I agree and write separately to express my concern over the uncertainty in the jurisprudence created by Grand Isle Campsites, Inc. v. Cheek, 262 La. 5, 262 So.2d 350 (1972). Prior to that decision, our supreme court had held that a joint venture agreement involving a transfer of immovable property had to be in writing and could not be proven by parol evidence. See Hayes v. Muller, 245 La. 356, 385, 158 So.2d 191, 201 (1963). Less than ten years after Hayes, the supreme court in Grand Isle Campsites held that a joint venture was created when four parties apparently verbally agreed to purchase certain immovable property. Grand Isle Campsites, 262 La. at 24, 262 So.2d at 357. While there was some documentary evidence in that case, namely two promissory notes signed by the defendant, the supreme court did not expressly find that those documents, nor any other documents, contained a written joint venture agreement. Grand Isle Campsites, 262 La. 5, 25, 262 So.2d 350, 357 (1972). Notably, Hayes was not cited in the opinion.

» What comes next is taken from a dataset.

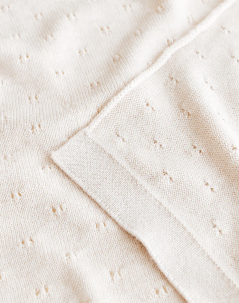 Het Hvid dekentje Bibi is een klassiek ajour-dekentje gemaakt uit 100% zachte merinowol en door zijn medium dikte is het geschikt voor alle seizoenen! Heerlijk voor je kleintje om onder te slapen in een wiegje, bedje of voor in de kinderwagen.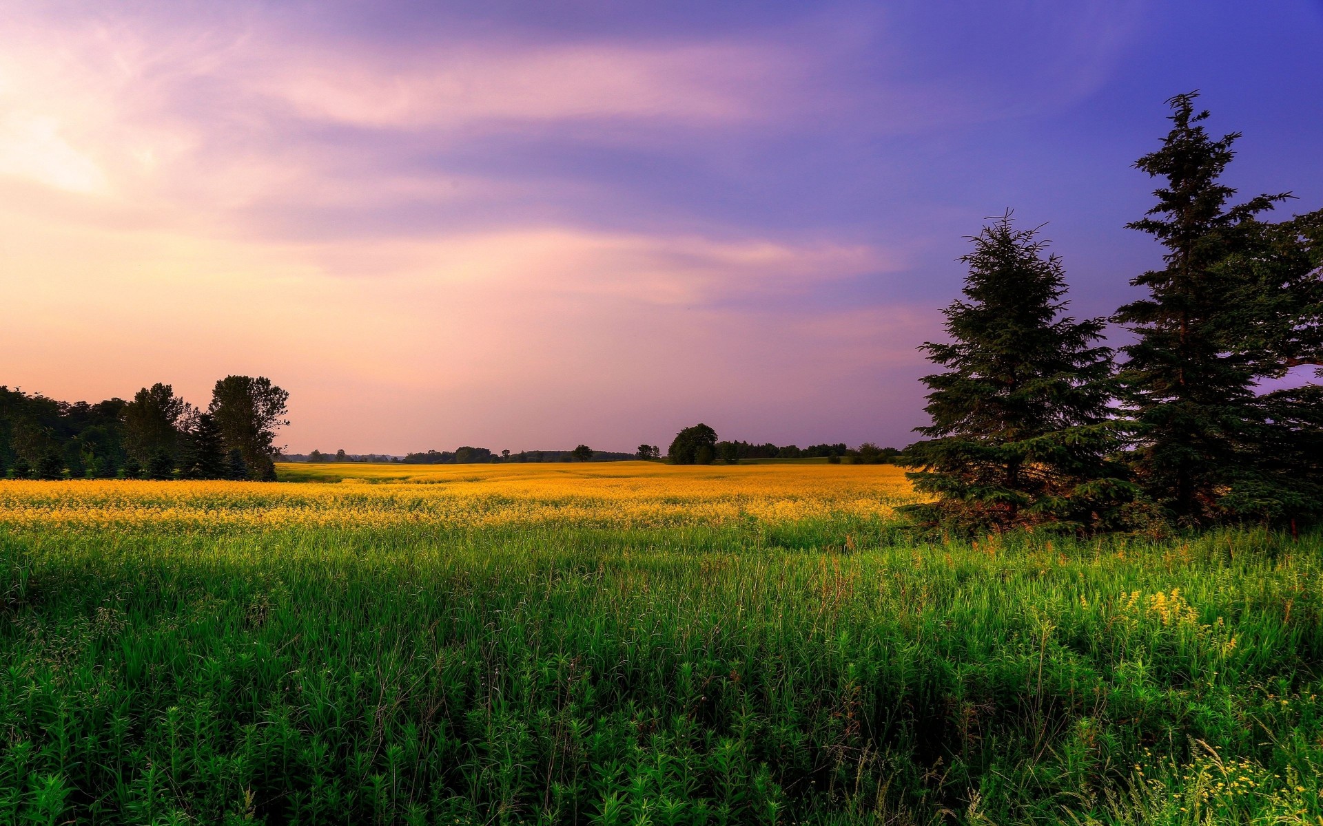 Cielo púrpura y amarillo con Prado verde - fondos de pantalla

In the present case, the evidence of a written joint venture agreement between the individual parties is likewise limited, consisting only of checks bearing notations that refer to a fractional interest in the apartment complex. No single document contains the signatures of all members of the joint venture. The sufficiency of this evidence to establish an enforceable written agreement is questionable in light of the holding in Chauvin v. Bohn, 411 So.2d 442, 446 (La.1982), wherein the supreme court found that a check was not sufficient to establish a written purchase agreement for immovable property. The court reasoned that the limited notations on the check did not instill the requisite "solemnity in the transaction and complete the proof". Chauvin, 411 So.2d at 446.
Nevertheless, with respect to the proof necessary to establish a joint venture agreement for immovable property, Grand Isle Campsites is the most recent expression by our supreme court, and I find it controlling in the present case. However, the uncertainties created by Grand Isle Campsites, particularly in an area of the law that bears upon title to immovable property, beg for clarification from the supreme court.